1. The nuclear mass of \(^{16}\textnormal{O}\) is

\[ 15.994915u ~\textnormal{(atomic mass of $^{16}\textnormal{O}$)} - 8×0.00054858u = 15.990526 u. \]

2. The mass of a proton is \(1.00727647 u\)

3. The nuclear mass of \(^{13}\textnormal{N}\) is

\[ 13.005739u − 7×0.00054858u = 13.001899 u. \]

1. The mass of an α particle is \(4.00150618 u\).

2. Therefore the Q value is

   \[ 16.997802u – 17.003405u = −0.005603 u = −5.219 \textnormal{MeV}. \]

A negative Q-value implies that the reaction will not proceed spontaneously, but will require the initial proton to contribute at least \(5.219\textnormal{MeV}\) of kinetic energy (actually, slightly more than this, because we need to allow for conservation of momentum). The minimum projectile kinetic energy required to make the reaction happen is called the threshold energy.

A positive Q-value means that the reaction will generate energy. However, this does not necessarily mean that the reaction has zero threshold in practice. Consider the reaction \(^{13}\textnormal{C}(α,n)^{16}\textnormal{O}\).
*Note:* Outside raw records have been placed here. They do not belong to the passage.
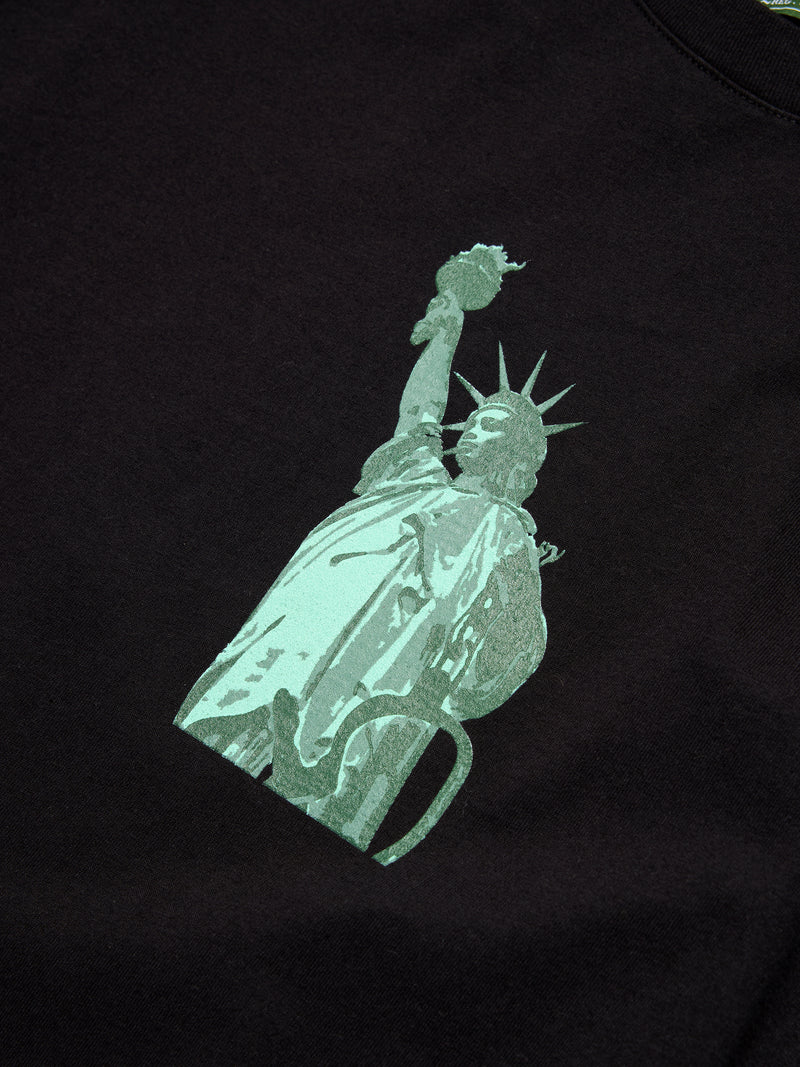 Produced in 100% cotton and cut to a regular fit, our Libertas Abolition SS Tee features a screenprinted graphic of the ‘Libertas’ Lady Liberty. In her left hand, she holds shackles, as originally intended by sculptor Frédéric-Auguste Bartholdi to commemorate the end of slavery; a monument intentionally built to celebrate emancipation, relocated to her feet and obscured before completion following American funders’ rejection of Bartholdi’s vision.
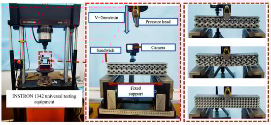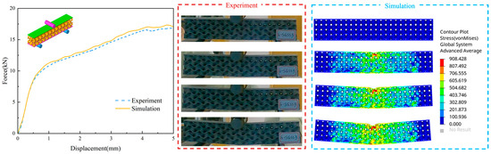 To evaluate the accuracy and dependability of the finite element model, a uniform Primitive sandwich structure was used for comparison. The three−point bending test was carried out on an INSTRON 1342 universal testing equipment(Instron, MA, America) in accordance with ASTM C393 [34]. The setup included a fixed span of 100 mm, with both the supports and indenter having a diameter of 10 mm.
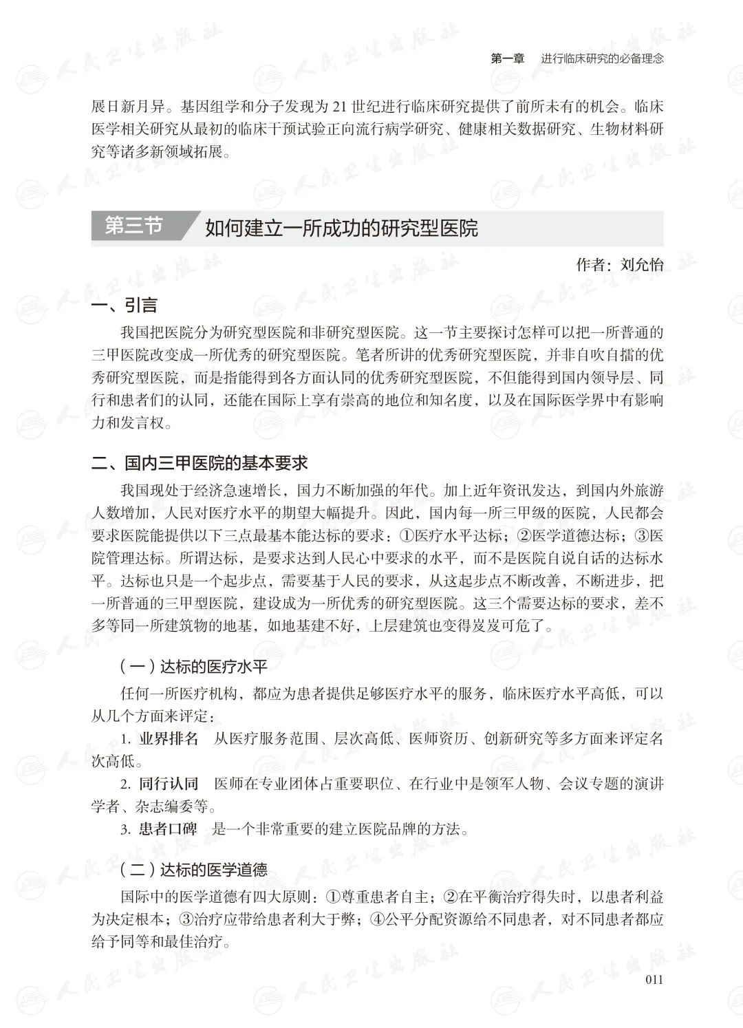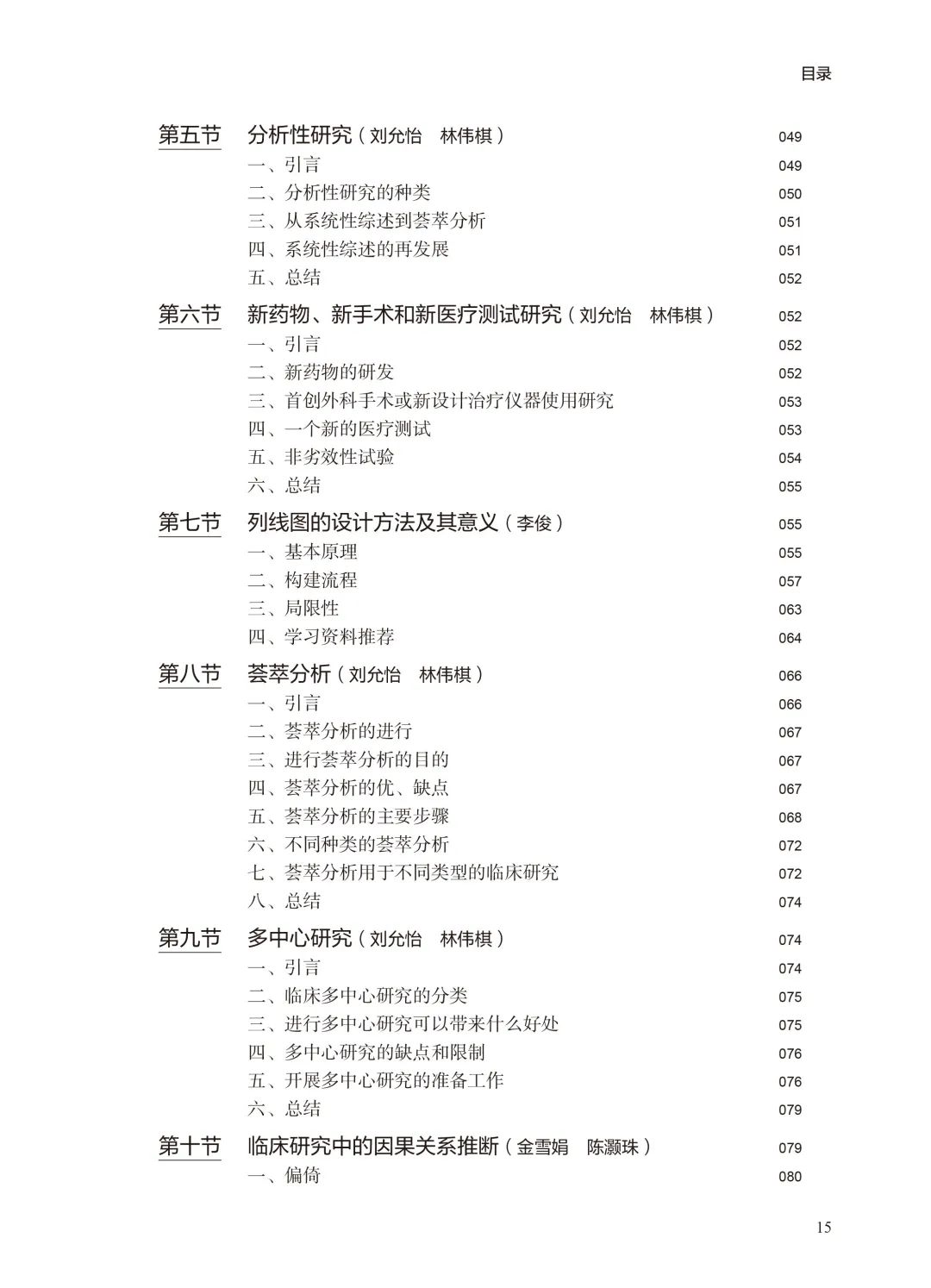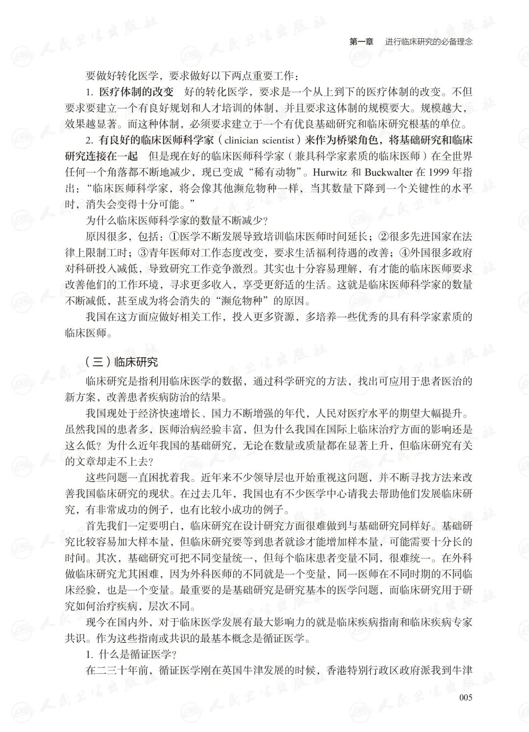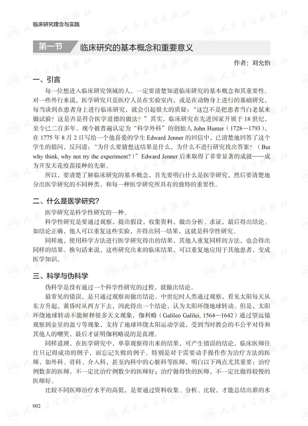 临床研究是在临床医学领域引入科学研究的概念,以临床医生为主体,以患者群体为对象,按照严格的设计、测量和评价的方法学,从患者个体诊治扩大到相应群体的研究,探讨疾病病因、诊断、治疗、预后的规律。我国基础研究做得较好,而临床医学研究与国际水平有较大差距。我国病例多,临床经验丰富,具有临床医学研究的优势,发展临床医学研究有助于促进我国临床医学的发展,提升国际影响力。刘允怡院士、陈灏珠院士在临床研究方面具有丰富的理论和实践经验,组织内科、外科、统计学等多学科专家编写本书,以期帮助临床医生树立正确的科研理念,普及正确的工作方法。
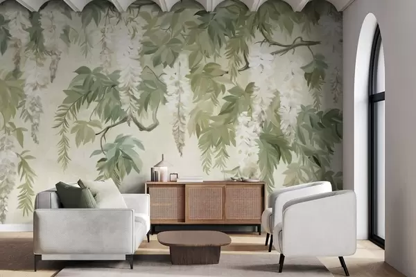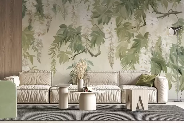 Papel tapiz Ramas de glicinas con flores blancas y hojas verdes, fondo verde, estilo de pintura vintage con textura Nr. w09375
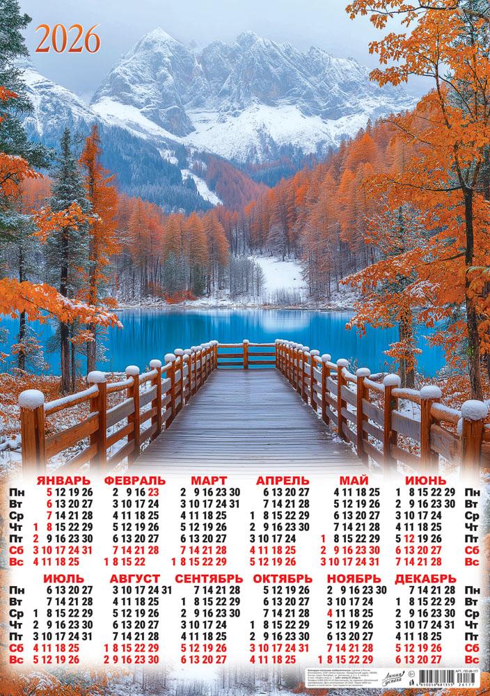 | Календарь на 2026год настенный листовой (плакат) А3 (ФОНТАНКА) ПМ-26-131 Горы Река (без лака)  Настенный календарь - это универсальный атрибут дома и офиса. Помимо своей основной функции - сообщать текущую дату; он помогает планировать дела, подводить итоги дня, недели и месяца. Яркий и красивый календарь может служить украшением стены и оживлять дизайн помещения. Календарями пользуются бизнесмены и политики, менеджеры и преподаватели, медики, студенты и школьники. Его можно использоватьи в домашнем обиходе; отмечать события и дела, связанные с жизнью семьи, обучать ребенка ориентироваться в днях недели. Человечество изобрело календарь для того, чтобы иметь возможность планировать будущее. Формат А3 (297х420мм). Бумага мелованная 80 г/м2, без лака. |
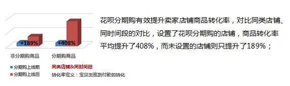 2) 花唄分期還有效提升商品購買轉化率,買家只要看到分期付款,就能買到
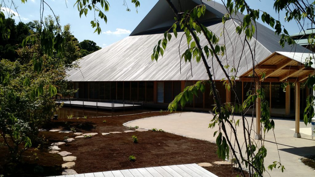 Naast de gerestaureerde huizen is er ook een gloednieuw gebouw, de “Naoshima Hall”, ntworpen door Hiroshi Sambuichi.
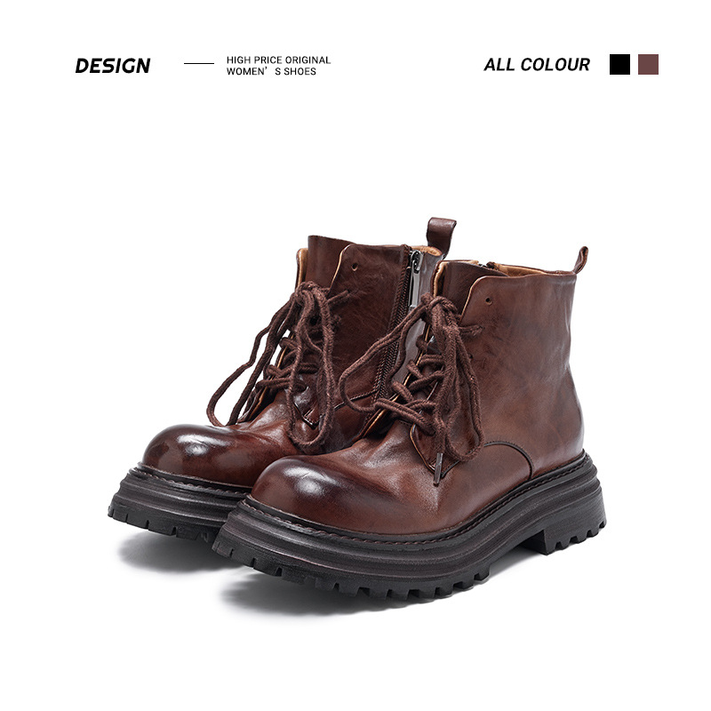 上質本革素材で仕上げた高級感漂う流行り厚底ショートブーツ
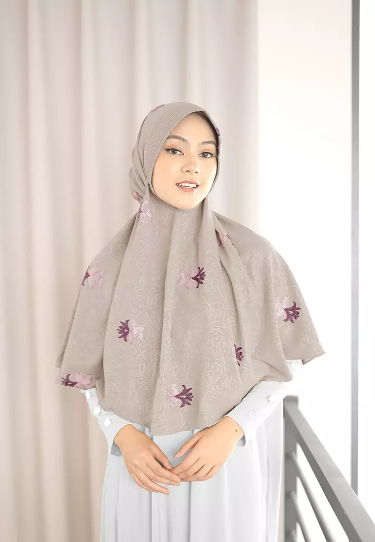 zelenaZelena - Ghinna Bergo Embroidered | Hijab Instan Tali Airflow - Rosy Brown214750.0098120.00
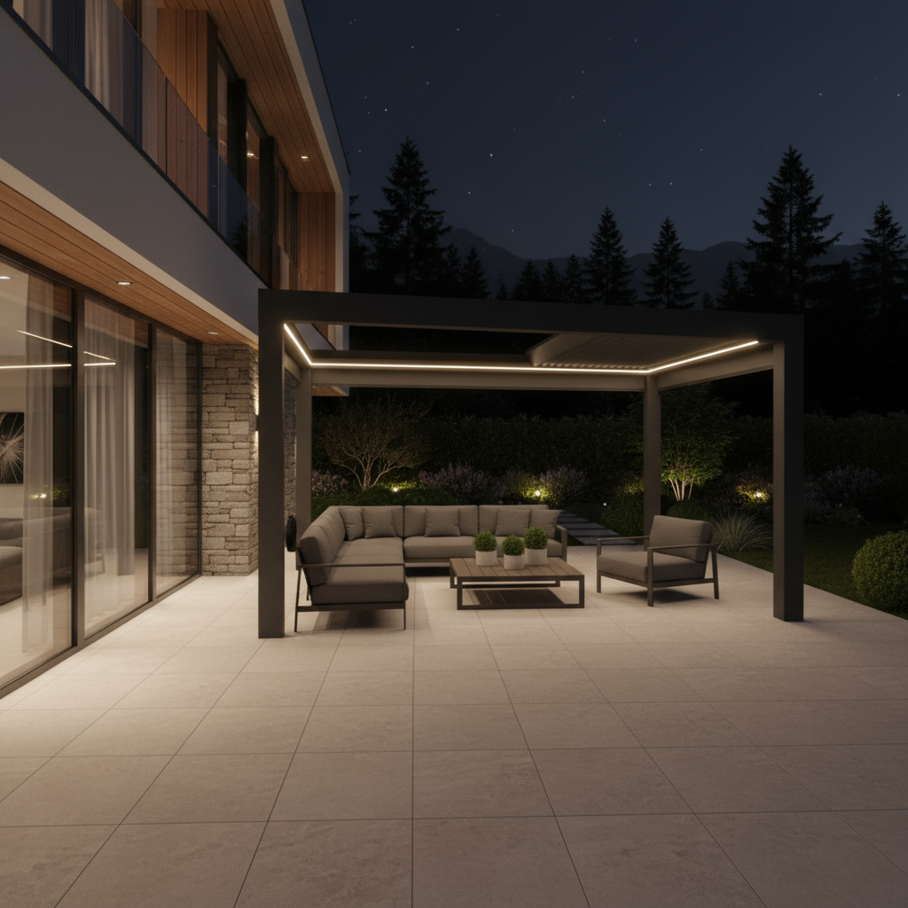 Unsere Pergola ist mit einer eleganten LED-Beleuchtung ausgestattet. Im Rahmen befindet sich eine dimmbare warmweiße LED-Lichtleiste, die eine stilvolle und angenehme Atmosphäre schafft. Die Beleuchtung ist wetterfest, energieeffizient und kann bequem per App, Sprachsteuerung oder Fernbedienung gesteuert werden.
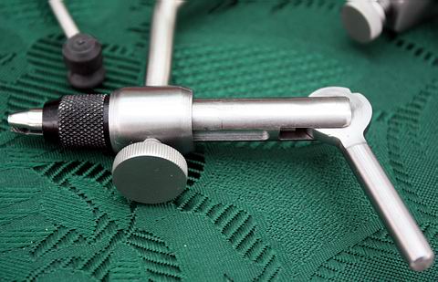 - Preis: im passgenauen Kunstleder- Reißverschluss-Etui: 149 € Unser Eindruck: Der Piranha ist so solide wie der Marlin - nur dessen verkleinerte Ausführung. Wie bei diesem sind alle Feststell- und Rändel- schrauben aus Metall. Der Bindestock steht mit seiner massiven Bodenplatte aus poliertem Stahl sicher und kippelfrei auf dem Tisch. Alternativ kann die mitgelieferte Tischklemme verwendet werden, deren Schraubbereich eine Plattenstärke von 0 bis 42 mm abdeckt. Die beiden Magnetfelder in der Bodenplatte, die der Marlin aufweist, fehlen beim Piranha. Der Hauptarm des Bindestockes wird in der dafür vorgesehenen Halterung der Bodenplatte passgenau aufgenommen und mit einer Feststellschraube fest fixiert. Da der Hauptarm wie auch dessen anschraubbare Verlängerung am unteren Ende |
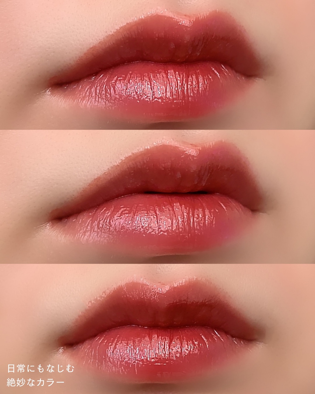 - 生まれつきの唇の色ようにナチュラルなゼリーカラー、 ぷるぷるとした弾性が感じられる透明オイルの輝き。 柔らかい明度と彩度で誕生したナチュラルトーンのヌードカラーは、 本来の唇の色と自然に調和し、 いきいきとした印象を完成させます。 ティントほどの色持ちの良さで、こだわりのカラー持続力を持ちます。 まるで自分の唇の色のようにしなやかに発色し、 柔らかい印象を与えてくれます。
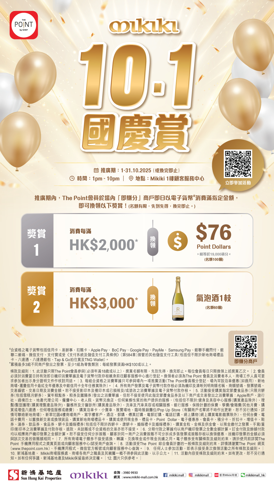 於10月1日至31日期間,Mikiki特別推出「10.1國慶賞」換領活動,The Point會員於場內「即賺分」商戶即日以電子貨幣消費滿指定金額,即可換領以下豐富獎賞。(名額有限,先到先得,換完即止。)
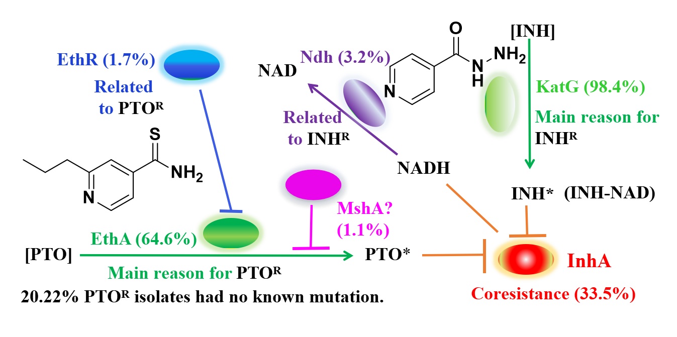 耐藥結(jié)核病分為單耐藥(主要是對利福平或異煙肼,Isoniazid,INH,俗稱雷米封)、多耐藥(對一種以上一線抗結(jié)核藥物耐藥,不包括同時對異煙肼和利福平耐藥)、耐多藥(MDR,至少對利福平和異煙肼耐藥),廣泛耐藥(XDR, MDR加上至少對一種注射藥物且對一種喹諾酮類藥物耐藥),甚至是完全耐藥(TDR,對所有測試的藥物都耐藥)??梢?,異煙肼耐藥在耐藥結(jié)核菌上的嚴(yán)重性。丙硫異煙胺(Prothionamide,PTO)是臨床上用于治療耐藥結(jié)核的二線殺菌藥物,具有效果好,毒副作用低等特點(diǎn)。?
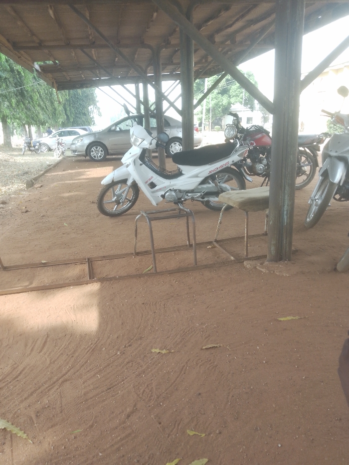 The image displays an outdoor scene in Idah, Nigeria, under a wooden canopy structure. The ground is composed of reddish-brown dirt, showing various tire marks and scattered light-colored debris with a few fallen pale green leaves. In the foreground, a light-colored wooden stool with an upholstered seat rests next to one of the canopy's substantial wooden support posts. Adjacent to the stool, a rectangular metal framework, possibly a bicycle rack, is positioned on the ground. A prominent white JINGHENG brand motorcycle is parked in the midground, oriented towards the left. Behind this motorcycle, a red motorcycle and a silver motorcycle are partially visible. Further in the background, two cars are parked: a silver sedan and a lighter-colored sedan. The background reveals numerous green trees and a light-colored building under a bright, overcast sky. No individuals are present in the visible area.
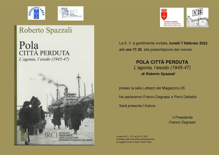 Lunedì 7 febbraio 2022 – Sala Luttazzi (Magazzino 26) dalle ore 17.30Presentazione del volume POLA CITTÀ PERDUTA. L’agonia, l’esodo (1945-1947) di Roberto Spazzali, realizzato dall’I.R.C.I.

This has Q-value \(2.216~\textnormal{MeV}\) (you should check this!). However, a zero-energy \(α\)-particle will not initiate the reaction, because Coulomb repulsion will ensure that it does not get close enough to the carbon nucleus to react with it. This imposes an effective threshold energy: it’s difficult to calculate exactly what it is, because quantum tunnelling ensures that the reaction will take place (with a reduced cross section) at energies lower than a classical calculation would suggest. This is what makes power generation by nuclear fusion so difficult: the relevant reactions do of course have positive Q (if they didn’t, they would not generate any energy!), but the kinetic energy required to overcome the Coulomb barrier means that the initial material has to be raised to an extremely high temperature for the fusion cross section to be high enough for useful energy output.

Reactions that have positive Q-values and an electrically neutral projectile (i.e. a neutron) will take place at arbitrarily low values of the neutron kinetic energy. In fact, it can be shown (see Krane section 12.4) that at low energies the neutron interaction cross section is proportional to \(1/v\), where \(v\) is the speed of the neutron (or, equivalently, to \(1/\sqrt{K_n}\), where \(K_n = \frac{1}{2}m_nv^2\) is the neutron kinetic energy).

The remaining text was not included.